Зато историю я любил и до Коныпа, с историей же в Коныпе вышла вот какая история. Однажды наш историк, крупный, импозантный мужчина почтенного возраста, обладатель весьма густого голоса, впал в длительное раздумье над классным журналом в сомнениях, кого бы ему вызвать к доске. Он пристально рассматривал журнал, перебегая глазами по списку снизу вверх и сверху вниз, время от времени строго выглядывая поверх журнала на класс, но класс был маленький, и выбирать особенно было не из кого. Все в ожидании замерли, в классе воцарилась кромешная тишина. Вдруг это напряжённое молчание разорвал зычный глас:
- МОЛОДЦОВ!!! - взорвалось в классе, и окна задрожали от этого залпа. Тишина ещё продолжала висеть некоторое время, а затем её прервал хохот сразу во всех классах школы, потому что столь торжественный оклик историка был слышен далеко за пределами седьмого класса. Мне пришлось подождать некоторое время, пока оживление схлынет, а учитель и сам, видимо, не предполагал, что его вызов будет таким решительным и категоричным. Но мне нечего было опасаться сурового повеления, урок я знал, хотя мой ответ и не был столь торжественным, сколь призыв к нему. Мы проходили тогда Великую французскую революцию, и я помню свой спор с историком, а это был уважаемый педагог-фронтовик Николай Филиппович Ковальногов, о якобинцах, которых я путал с якобитами - должно быть, я незадолго до этого начитался "Роб Роя" Вальтера Скотта.

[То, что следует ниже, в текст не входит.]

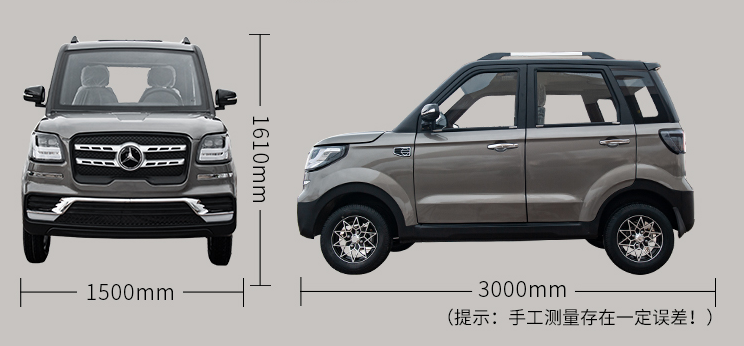 (1)外觀尺寸:雖然看上去很大氣,但這款車其實從尺寸來看,并不算特別大,整車尺寸為3000×1500×1610mm,為四門五座車型,全家出行代步都能用。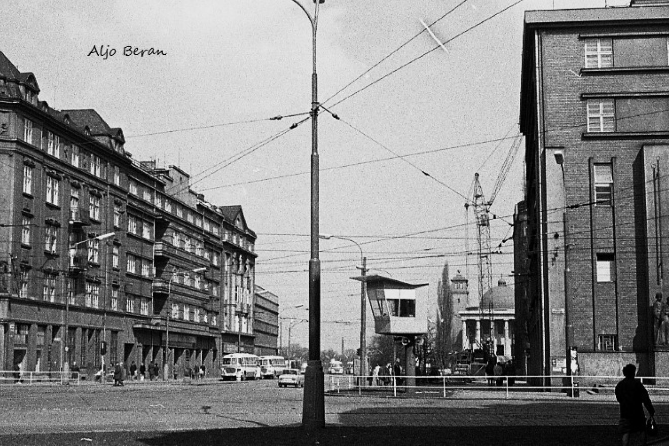Ještě doplňme, že v době pořízení snímku se ulice jmenovala nikoliv Legionářská, ale Spartakiádní, a od budovy Teplotechny na ni nenavazovala Studentská jako dnes, ale třída Lidových milicí.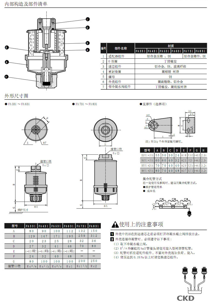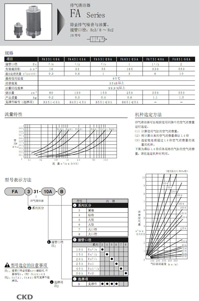 FA331-10A,FA431-15A,FA531-20A,FA631-25A,FA731-40A,FA831-50A,CKD排氣清潔器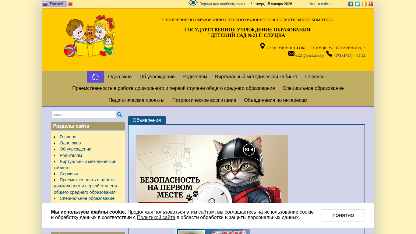 | Название / Заголовок | Детский сад №21 г.Слуцка |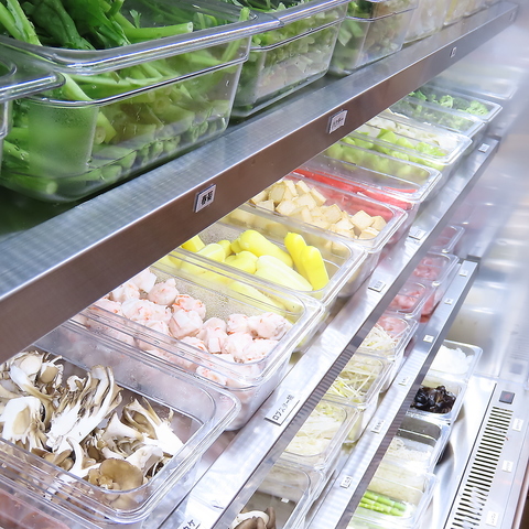 カウンター横にはたくさんの具材が並んでおり、そこからトングとボウルを使ってご自身でお好きな食材を取っていただくことができます♪好きなものを好きなだけ選べるのが当店流!

Из других педагогов я запомнил лишь учительницу русского языка и литературы Зою Васильевну Ковальногову, запомнил благодаря её какой-то исключительной бесцветности в сравнении с колоритностью её мужа - Н. Ф. Ковальногова. Она то и дело зябко потирала руки и стремилась куда-то стушеваться. Имена трёх этих педагогов возникли здесь благодаря заслугам коныпского старожила Евгения Николаевича Шаклеина. Прочих учителей я и вовсе не запомнил. Как избирательна память, коныпские имена она почти не донесла до меня, хотя и преподаватели, и воспитатели заслуживали того, чтоб я о них больше помнил. Я был в том возрасте, когда педагогов начинают судить строже, чем они того заслуживают, но чуть позднее я вполне отдавал себе отчёт в их заслуге в том, что они вселили в меня больше ученической уверенности и привили мне больше самостоятельности в учебном деле, чем я имел до этого.
Я совершенно не запомнил уроков коныпской математики, хотя до сих пор прекрасно помню математику кировскую. Помню оттого, что всеми силами ненавидел её. Считать ― это так невыносимо скучно, но взрослые очень любят цифры.

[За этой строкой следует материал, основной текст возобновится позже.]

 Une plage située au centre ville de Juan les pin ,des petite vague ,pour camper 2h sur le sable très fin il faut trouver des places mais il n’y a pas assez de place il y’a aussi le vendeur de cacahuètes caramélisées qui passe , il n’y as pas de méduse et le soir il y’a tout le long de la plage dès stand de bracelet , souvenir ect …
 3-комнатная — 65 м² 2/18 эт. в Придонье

Зато память сохранила необязательные подробности вида клубного киноэкрана, который, в отличие от городских экранов, не имел светоотражающего синтетического покрытия, а представлял собой деревянную раму во всю стену, обтянутую обычным белым хлопчатобумажным полотном. Однако большая часть жизни протекала всё-таки не в клубе и даже не в школе, а в лечебном корпусе, или, как все говорили, в группе. Покинув первую группу и её воспитателей, а воспитатели тоже были в 1977 году другими, за исключением старшей воспитательницы Валентины Петровны Шиляевой и её мужа Василия Алексеевича Поршнева (их имена освежил в моей памяти всё тот же Е. Н. Шаклеин), я перешёл в другую палату. Теперь не надо было всё время трястись за свою шкуру, дрожать перед шпаной-шишкарями. Постепенно я стал знакомиться с новыми людьми.

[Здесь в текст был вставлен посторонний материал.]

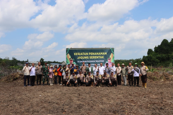 Adhyaksanews. -- -- Bangka Barat. Polres Bangka Barat bersama unsur Forkopimda dan masyarakat melaksanakan kegiatan Penanaman Jagung Serentak dalam rangka mendukung Swasembada Pangan Tahun 2025 di lahan Pondok Pesantren Ta'limul Muta'alim, Desa Air Kuang, Kecamatan Jebus, Kabupaten Bangka Barat. Rabu 6 Agustus 2025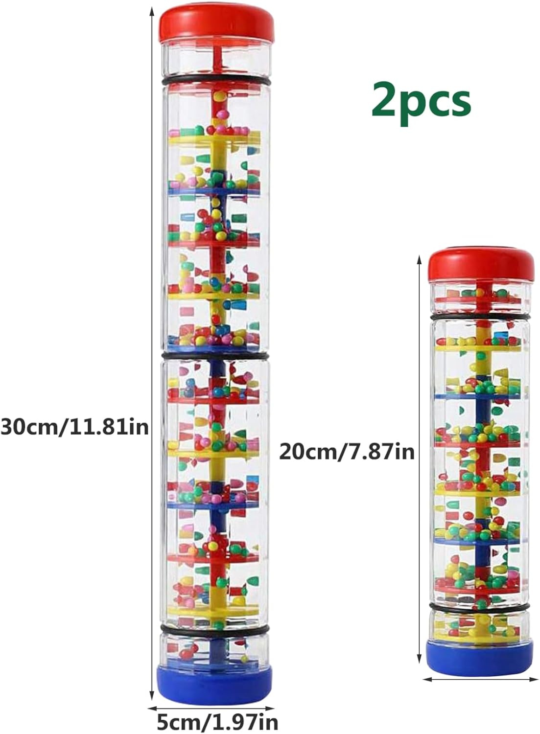 Pregevole fattura: con una lavorazione meticolosa e particelle interne simili a perline, questi bastoncini della pioggia producono un suono nitido e piacevole quando vengono agitati delicatamente..Forniscono ai bambini un'esperienza musicale unica e li introducono al mondo degli strumenti. Contenuto della confezione: ogni confezione contiene due bastoncini della pioggia di diverse dimensioni: 30 cm (circa 30x5 cm/11,81x1,97 pollici) e 20 cm (circa 20x5 cm/7,87x1,97 pollici)..Questo ottimo rapporto qualità-prezzo offre opzioni di gioco versatili..I bambini possono giocare con i loro amici, promuovendo l'interazione sociale e la coordinazione del ritmo..Questi bastoncini della pioggia sono perfetti anche per le famiglie con più bambini, incoraggiando il gioco di gruppo e l'esploraz Sicuro e materiale: realizzati in plastica, i produttori di pioggia sono atossici, inodori e hanno bordi lisci senza sbavature, garantendo un tempo di gioco senza preoccupazioni..I materiali accuratamente selezionati rendono questi bastoncini da pioggia sicuri per far giocare i bambini. Sviluppo ed educazione: i bastoncini della pioggia per bambini sono eccellenti giocattoli musicali e educativi per la prima infanzia che possono coltivare l'alfabetizzazione musicale dei bambini..Aiutano anche a sviluppare la capacità di presa, la percezione visiva, il riconoscimento dei colori e le capacità uditive. Genitore-figlio: questi bastoncini della pioggia servono come un scaccianoia per i bambini e possono essere apprezzati anche dai genitori, favorendo il legame genitore-figlio..Giocare insieme con questi bastoncini migliora il rapporto genitore-figlio e crea momenti gioiosi.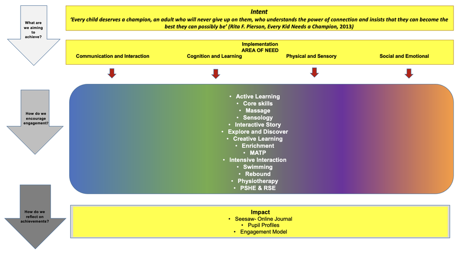 We recognise the importance of a broad and balanced curriculum and appreciate that this will look different for each pupil. Although the curriculum is based around the four areas of need-Communication and Interaction, Cognition and Learning, Physical and Sensory and Social and Emotional we adopt a cross curricular approach throughout the school day.

В палате моё внимание, в первую очередь, привлекли двое, всего же нас было пять или шесть. Эти двое всё время находились в каких-то непривычных для меня отношениях. Они постоянно каким-то непонятным для меня образом полушутливо-полусерьёзно ворчливо перебранивались. Звали они друг друга Никифор и... А, вот! Афанасий! Разумеется, это не были их настоящие имена, а лишь обидные прозвища, которые они придумали друг для друга; как видно, не мне одному приходилось носить кличку. Я в ту давнюю пору и понятия не имел, что Никифор и Афанасий - это два брата-бриганта, два австро-венгерских флибустьера-гарибальдийца, поднимающие паруса на мятежной бригантине, чтобы плыть в неведомые земли, чтоб указать место будущему санаторию Конып.
Да, так вот, где бы ни были Никифор и Афанасий, они постоянно беззлобно перебранивались. Это было настолько забавно, что я всё время наблюдал за ними. Один из них, тот, который Никифор, был обладателем весьма комичной внешности, как-то в пылу спора он обозвал своего оппонента своей обидной кличкой - Никифором, хотя ему надлежало обзываться Афанасием. Этот досадный промах вызвал всеобщий беззлобный смех.
На роль шишкаря в этой группе больше всего подходил тот, кого Никифор называл Афанасием - Саша Булатов. Это был мальчик благообразной наружности уже с пушком на верхней губе, он был старше всех по возрасту, но шишкарём он не был, что было видно по его отношениям с Никифором. Булатов решил взять меня под свою опеку, чему я тогда был рад и чему радоваться особенно не следовало, потому что опека - это всё-таки не дружба.
Среди десятков сверстников мне было одиноко: и я никого не приручил, и меня не приручил никто также.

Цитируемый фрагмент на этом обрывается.